The Gilded Age - Mark Twain [5]
Although he and Warner traded off every two or three chapters, and Warner supplied a few characters as well as his knowledge of the surveyor’s art, the novel belongs mostly to the westerner. (For those interested in comparing their styles, Mark Twain wrote the first eleven chapters, then 24–25, 27–28, 30, 32–34, 36–37, 42–43, 45, 51–53, 57, and 59–62. Warner wrote 12–23, 26, 29, 31, 38–41, 44, 46–48, 50, 54–55, 58, and 63. The two men contributed equally to 35, 49, and 56.) Warner supplied many distinctive elements (including a lot of Victorian sermonizing), but well-drawn characters, narrative dynamism, and crackling dialogue were not among them. Charles Warner was a conventionally competent nineteenth-century prose writer. Mark Twain was at work creating the prose style of the century to follow.
Here is Warner doing what he did best: discoursing about the world; in this instance, upon the soul of Woman.
What capacities she has of purity, tenderness, goodness; what capacities of vileness, bitterness and evil. Nature must needs be lavish with the mother and creator of men, and centre in her all the possibilities of life. And a few critical years can decide whether her life is to be full of sweetness and light, whether she is to be the vestal of a holy temple, or whether she will be the fallen priestess of a desecrated shrine. (p. 131)
Here is Mark Twain doing what he did best: immersing his senses in the world about him, and letting it speak for itself upon the page.
“Let me help you, Washington—Lafayette pass this plate to Washington— ah, well, well, my boy, things are looking pretty bright, now, I tell you. Speculation—my! the whole atmosphere’s full of money. I wouldn’t take three fortunes for one little operation I’ve got on hand now—have anything from the casters? No? Well, you’re right, you’re right. Some people like mustard with turnips, but—now there was Baron Poniatowski—Lord, but that man did know how to live! . . . The Baron used to say, ‘Take mustard, Sellers, try the mustard,—a man can’t know what turnips are in perfection without mustard,’ . . . Yes indeed, Washington, I’ve got one little operation on hand that—take some more water—help yourself, won’t you?—help yourself, there’s plenty of it.—You’ll find it pretty good, I guess.” (pp. 79–80)
There it all is—the essence of The Gilded Age, packed into one readout from the mind of Colonel Sellers: money obsession, posturing, cunning, velocity of thought and speech, duplicity as a form of etiquette.
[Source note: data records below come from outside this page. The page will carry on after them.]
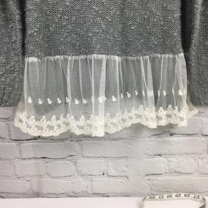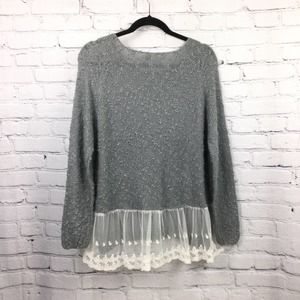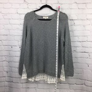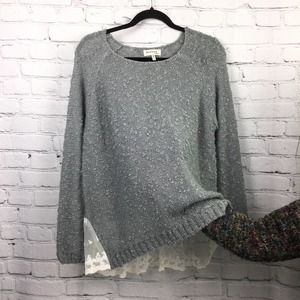 Monteau Los Angeles Grey Swiss Dot Lace Hem Boat Neck Pullover Sweater L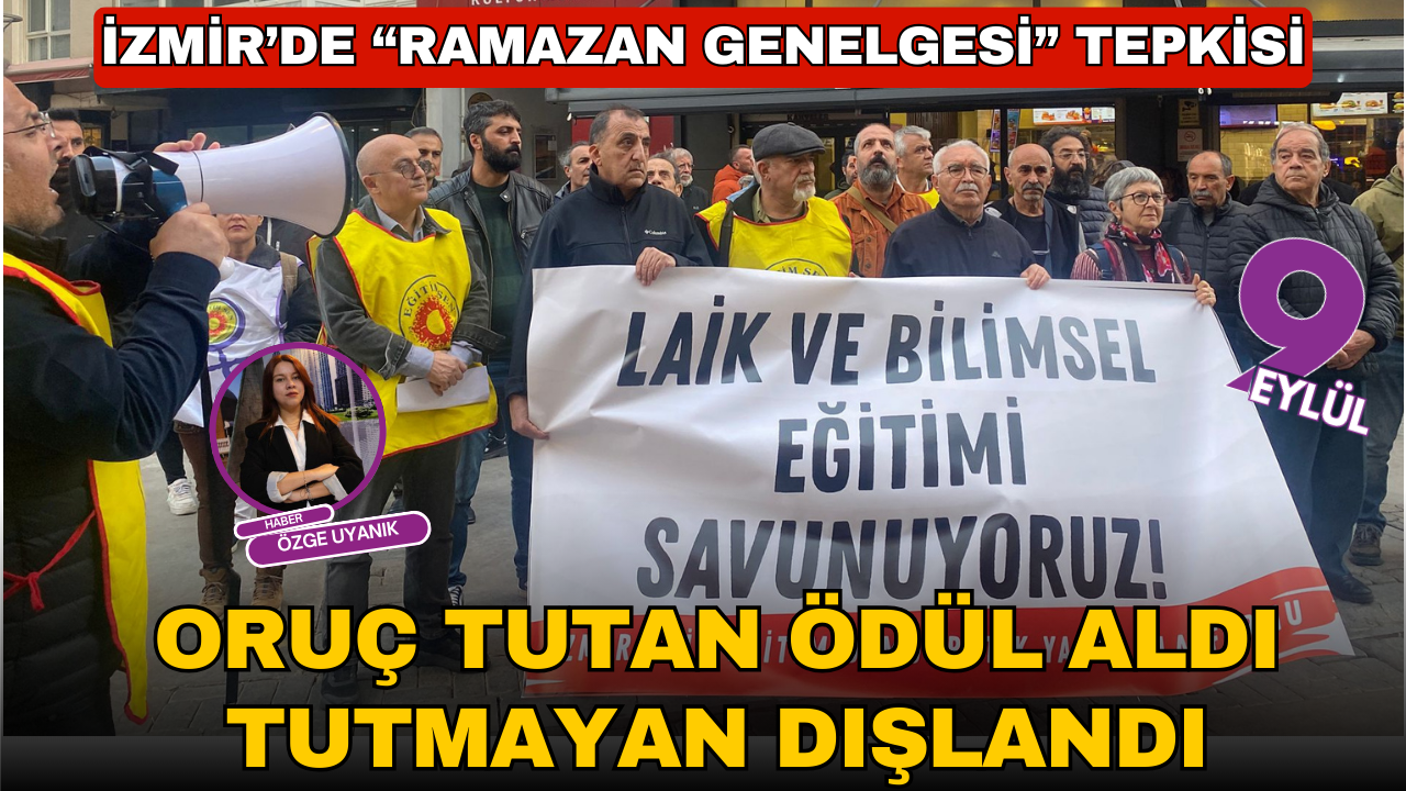 ÖZGE UYANIK/ İzmir’de Milli Eğitim Bakanlığı’nın okullarda Ramazan ayına yönelik etkinlikler düzenlenmesini öngören genelgesi tartışma yarattı. İzmir Laik Bilimsel Demokratik Yaşam Platformu, Alsancak Türkan Saylan Kültür Merkezi önünde bir araya gelerek söz konusu genelgenin öğrenciler arasında ayrımcılığa yol açtığını savundu. Basın açıklamasını Eğitim-Sen 1 No’lu Şube Başkanı Hamdi Çalık okudu.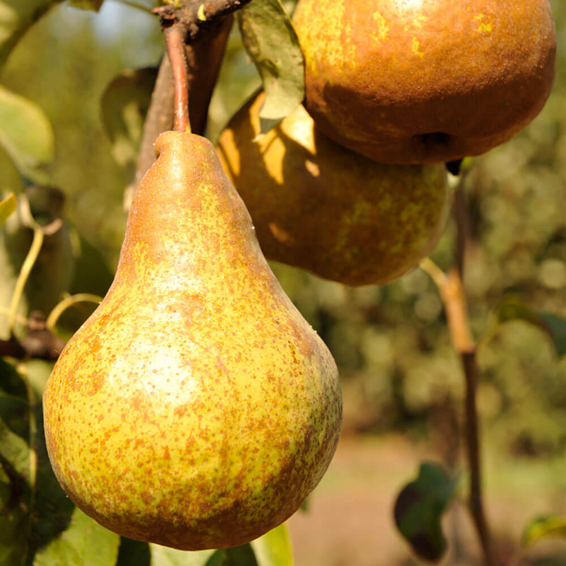 Груша Бере Боск – самый популярный сорт, народное название Бера. Отличается очень крупными плодами с высокими товарными и вкусовыми характеристиками. Дерево среднерослое растет до 3.5 м в высоту, компактная крона, пирамидальной формы. Лист мелкий, глянцевый. В плодоношение вступает третий год после посадки. Плоды крупные, массой 150-220 г, удлиненно грушевидной формой. Кожа тонкая, желтовато-коричневой окраски. Мякоть белая или с кремовым оттенком, маслянистой консистенции, нежная, тающая, очень сочная и сладкая, душистая, с миндальным привкусом. Созревают плоды 5-15 сентября, к употреблению пригодны сразу. Лежкость средняя 20-30 дней. Плоды транспортабельны, завязываются парами и тройками, но крепко удерживаются на дереве и даже при созревании не осыпаются, созревают не одновременно. В состав почвы дерево малотребовательно, хорошо растет и плодоносит при достаточном орошении на легких по механическому составу грунтов. Зимостойкость выше средней. Сорт устойчив к основным заболеваниям, слабо поражается паршей.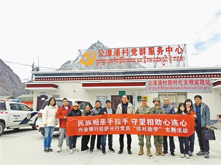 圖為興業(yè)銀行拉薩分行開展黨員“結(jié)對助學”主題活動時的合影。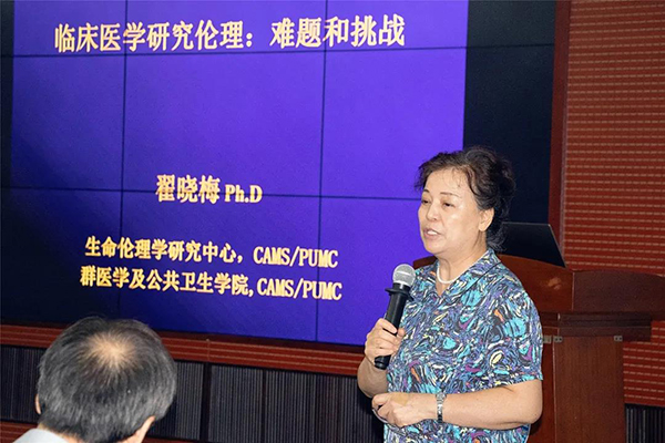 系列讲座特别邀请中国医学科学院生命伦理学研究中心执行主任、北京协和医学院教授翟晓梅就“医学研究伦理:难题和挑战”进行了细致讲解,翟教授列举医学实践与医学研究、受益与风险的评估等方面遇到的现实问题,强调科学研究过程中要始终将保护受试者作为首要责任。同时,北京医院科研处处长张鹏俊老师为新生解读了科学研究中的诚信问题。张老师列举了常见学术不端行为,希望同学们引以为戒,对学术研究保持一颗敬畏之心、不触碰科研工作的底线。

Here, Mark Twain is combining personal memory, his gift for dialect, and what Ward Just has called his “imaginative reportage”: his blazing curiosity about how things work. The Hawkins family and their migration are closely modeled on Marshall and Jane Clemens, Sam’s parents. The Falstaffian Sellers was drawn from James Lampton, a colorful cousin of Jane’s, who once fed young Sam a turnip-and-water dinner while bloviating about grandiose schemes. Mark Twain artfully replicates that dinner, while investing Lampton/Sellers with all he has learned about the American Flim-Flam Man and his embrace of opportunism, Washington-style. Sellers and his co-creations also take the reader on a tour of (among other things) federal legislative process, power politics, railroad operation, financial systems, riverboat navigation, influence peddling, the subtle codes of Washington social/sexual etiquette, and land speculation.
The Gilded Age fascinates largely as it showcases this developing power of Mark Twain’s observational genius and his blossoming comprehension of the larger uses to which it can be applied. Thus, The Gilded Age is best enjoyed as the journey-in-progress of America’s most illustrious author—oh, and also as thinly disguised nonfiction, which, after all, is the ultimate reward of any Washington novel.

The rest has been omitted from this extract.